この理由は、所得税は申告納税方式、個人住民税は賦課課税方式を採用しているからだと言われています。

賦課課税制度とは、課税庁が主体的に納税者の税額を決定し、納税者に通知することによりその税額を確定させる仕組みですが、そもそも所得税も、昭和21年以前はこの賦課課税制度を採用していました。その後、昭和22年に申告納税制度に移行しましたが、この移行理由の一つが、現年所得課税への変更といわれています。昭和21年以前の所得税は、勤労所得に対しては源泉徴収による現年所得課税、自営業者等の所得については前年所得課税が行われていました。しかし、第二次世界大戦後にインフレーションが起きたことにより、前年所得課税方式の自営業者等の税負担が実質的に軽減される事態が生じました。その結果、自営業者等と勤労所得者との間での課税の不均衡が問題になり、このような弊害を解消するために、全体を現年所得課税とする必要性が提起され、その実現のために申告納税制度の導入ということになったようです。
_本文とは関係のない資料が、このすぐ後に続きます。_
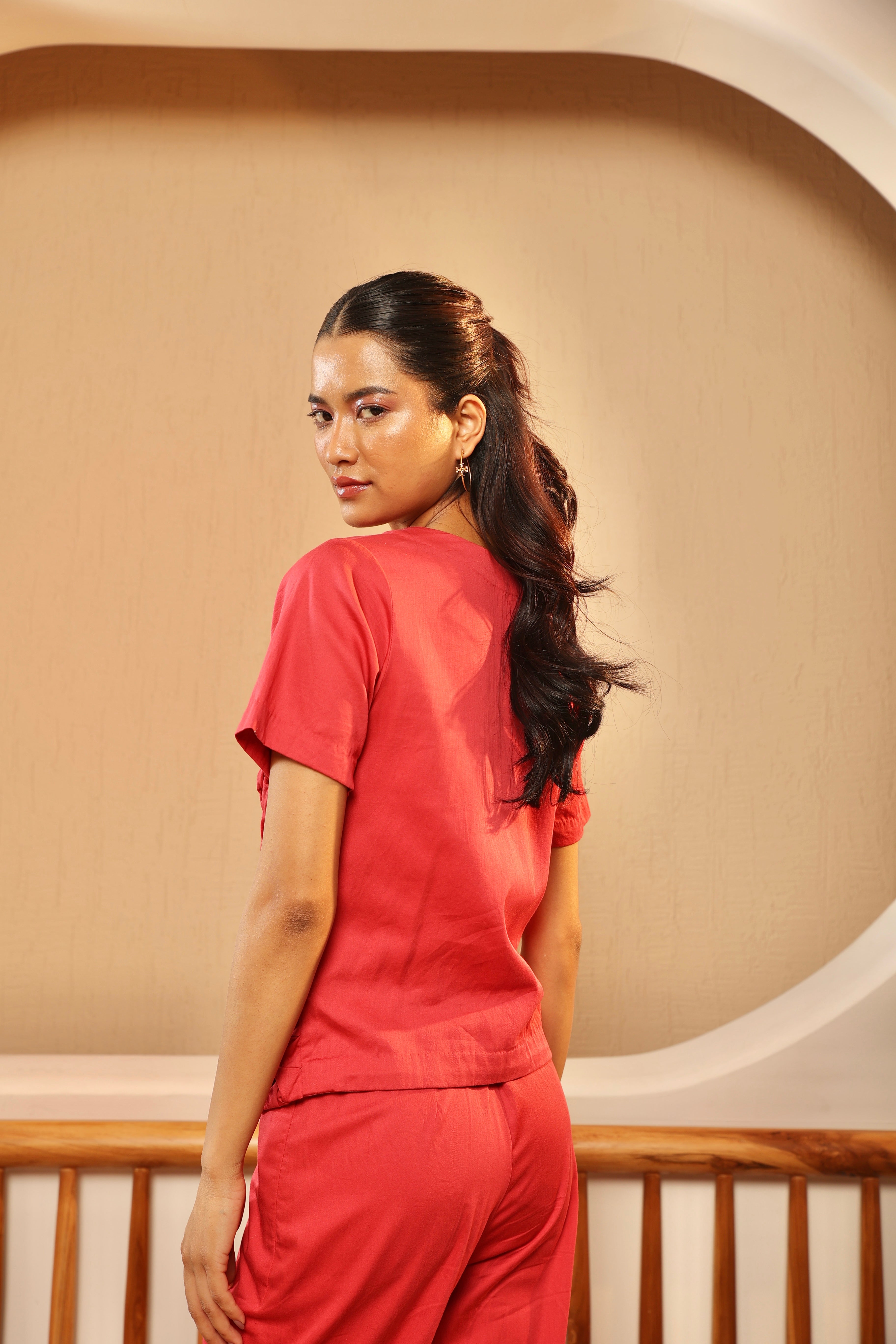 The Crimson Smocked Shirt has meticulous, hand sewn smocking, creating a 3D pattern throughout the body. It has cap sleeves with a round neckline and a straight silhouette. The fabric is soft on the skin, creating both visual interest and structure. It features hook & eye closures on the front.

このように、個人住民税が前年所得課税を採用している理由は、いまだに賦課課税制度が適用されていることと密接に関係していると思われます。市区町村は、個人の所得に関する情報を収集し、これに基づいて個人住民税の賦課決定を行うのですから、賦課課税制度を採用する限り、納税者の所得の稼得時期と課税時期とのタイムラグは避けられないのでしょう。